Lastly, and more importantly, there is a question around Lucie that I need to spoiler-tag (select and roll over to see). This is Lucie’s final story, and when the Tardis leaves she’s abandoned in 2008, several months if not a year before her earlier self actually went for the job in London that originally found her allied with the Doctor. Apart from the scene in which she realises this, and narrowly avoids meeting her younger self, this is hardly touched upon. I’m left asking, what is she going to do for the next year, effectively with someone else’s identity? I don’t really mind what the answer is, but the lack of an answer leaves me dangling a bit.

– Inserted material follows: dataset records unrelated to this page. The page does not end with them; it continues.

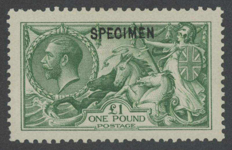 1913 KGV Seahorses Waterlow Printings £1 green with sans-serif 'SPECIMEN' overprint Type 26 SG 403s, fresh colour, very
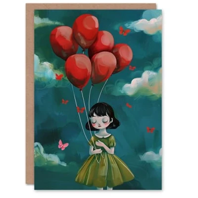 Artery8 Birthday Card Sad Girl Balloons in Clouds Butterflies For Her Gran Sister Niece Daughter Wife Woman Greeting
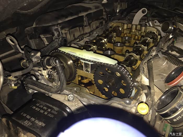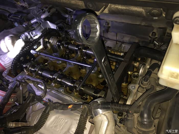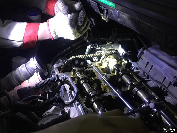 老兵为1.6T更换正时链条 车友之前说就是因为自己保养了一次以后慢慢就发现发动机冷车的声音变大了,加速大约

Don’t get me wrong, Death in Blackpool is very, very good. A fitting end to the Auntie Pat trilogy, and a fantastic farewell to Lucie, with one of the most heart-rending final speeches from Ms Miller/Ms Smith that I’ve ever heard on Who. Forget Rose and her toy-boy, weep not for tragic Donna: this is the separation that hurts most. Because Lucie has to leave, and it’s down to the Doctor’s failings. A bittersweet love story.

Overall, Death in Blackpool is absolutely stonking. Well written by Alan Barnes, well acted throughout, and a joy to listen to. I listened to it twice – I never do that. Ever. And both times, I loved it. That must say something good.


Dead Air Audiobook Reviewed

This is nice to hear. I’ve missed ol’ Tenny, but again, like Last Voyage, it seems a bit like squeezing the very last drop out of a fabulously enthusiastic David Tennant.

Not a bad think, the Tennant-philes cry, and you’d be right. David is great in this – although I think the production deliberately go out of their way to give him regional accents to get his tongue around – and it’s nice, and quite unusual to hear the Tenth Doctor speak, it seems, directly to us. David also does a very good Dylan off of The Magic Roundabout. Or is that Bill Nighy being channelled?

Shorter than the usual releases, this is a compact, neat and fun story which does nothing wrong. A clever conceit, too, having an audio adventure about an audio monster. Hmm.